Kilbourne and a team of missionaries arrived in China in 1925, which appeared to be a very inopportune time. The country was in the midst of a civil uprising and missionaries were fleeing the country. In No Guarantee but God, Edward and Esther Erny show the way in which Kilbourne and his team were regarded by the fleeing missionaries.

"A veteran missionary, speaking to some 20 Christian workers who were housed temporarily in a YMCA washroom, expressed what many were thinking. ‘The Oriental Missionary Society starting a work in China at a time like this?’ he exclaimed. ‘You must be fools.’ Ironically, it was this same missionary whose home was rented by the OMS, making it the first headquarters for the work in China," (Page 59).

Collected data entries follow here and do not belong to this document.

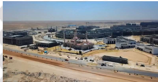
Al-Alamein Old City
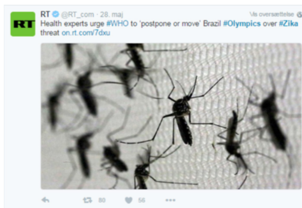
HISTORIE FRA TWITTER 1: Et tweet fra en gruppe sundhedseksperter, som opfordrede til, at De Olympiske Lege i Rio i 2016 enten blev flyttet eller udskudt, opnåede stor opmærksomhed på Twitter.

Lige siden de mere end 100 sundhedseksperter fra hele verden opfordrede WHO til at presse Den
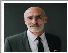
Arthur C. Brooks Harvard Professor; Bestselling Author
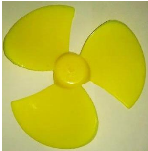
Figure2: Wide blade

The minimum wind velocity required is 2.8-3.0m/s producing a voltage of 3.6V. When the wind reaches a velocity of 4.7-5.2m/s, it produces a voltage of 5.8V.
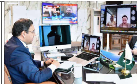
ISLAMABAD: Caretaker Federal Minister for IT and Telecommunication Dr. Umar Saif in a virtual meeting with Secretary General Digital Cooperation Organization (DCO) Ms. Deemah Al-Yahya.

ISLAMABAD (APP): Pakistani Rupee on Tuesday gained 18 paise against US Dollar in the interbank trading and closed at Rs 285.78 against the previous day's closing at Rs 285.96. However, according to the Forex Association of Pakistan (FAP), the buying and selling rates of the Dollar in the open market stood at Rs 285.2 and Rs 288 respectively.
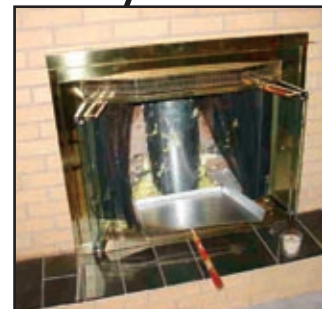
FIREPLACE CHIMNEY REROUTED

If you suspect a grow op do not approach or investigate yourself. Contact Police or Crime Stoppers
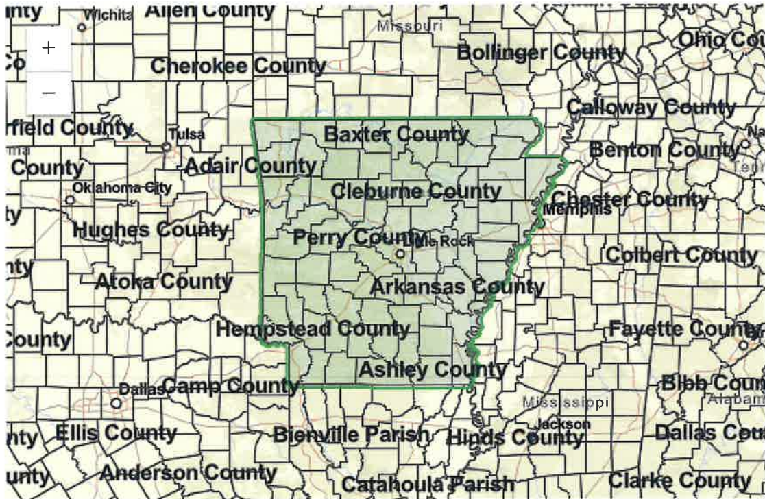
County of Pulaski, AR, Esri, TomTom, Garmin, FAO, NOAA, USGS, EPA, USFWS | Esri; U.S. Depart... Powered by Esri
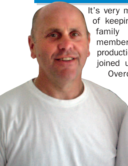
It's very much a case of keeping it in the family for two members of our production team who joined us last year. Overcoming
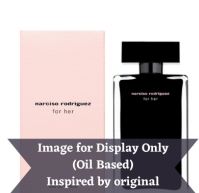
Narciso Rodriguez (Inspired by) R150.00 - R350.00
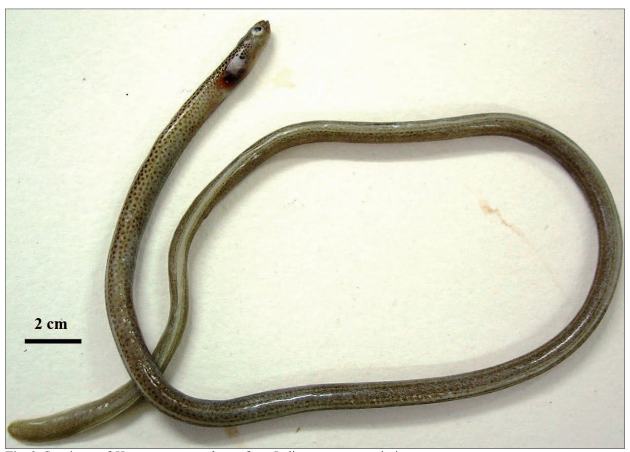
Fig. 2. Specimen of Heteroconger tomberua from Indian coast; general view
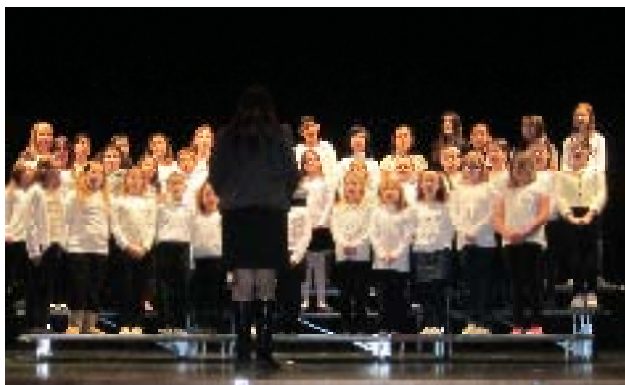
Cardinal Newman School Choir
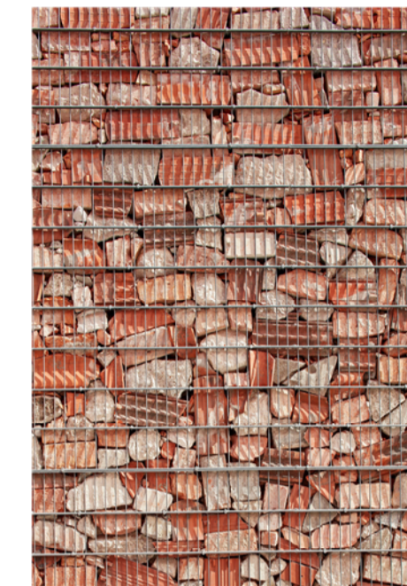
Gabion Wall (mix of site-recycled red brick and stone)

The tumultuous atmosphere in China left many eager to hear the Gospel. While in China, Kilbourne met Andrew Gih, whom he taught about a victorious life in the spirit. He also witnessed his conversion to Christ. Gih went on to become one of the most effective evangelists to ever come from Asia.

==Death==
Kilbourne continued his work until he died on April 13, 1928 at the age of 63, of a cerebral hemorrhage. More than 2,000 people attended a memorial service in Japan upon hearing the news of his death. Kilbourne’s legacy lives on in the work of OMS today. Kilbourne lived his life by these words, "Every soul it is my joy to lead to Christ, I see as a potential Christian worker. I pray and labor for them until I see God’s full will accomplished in their lives," (Page 53).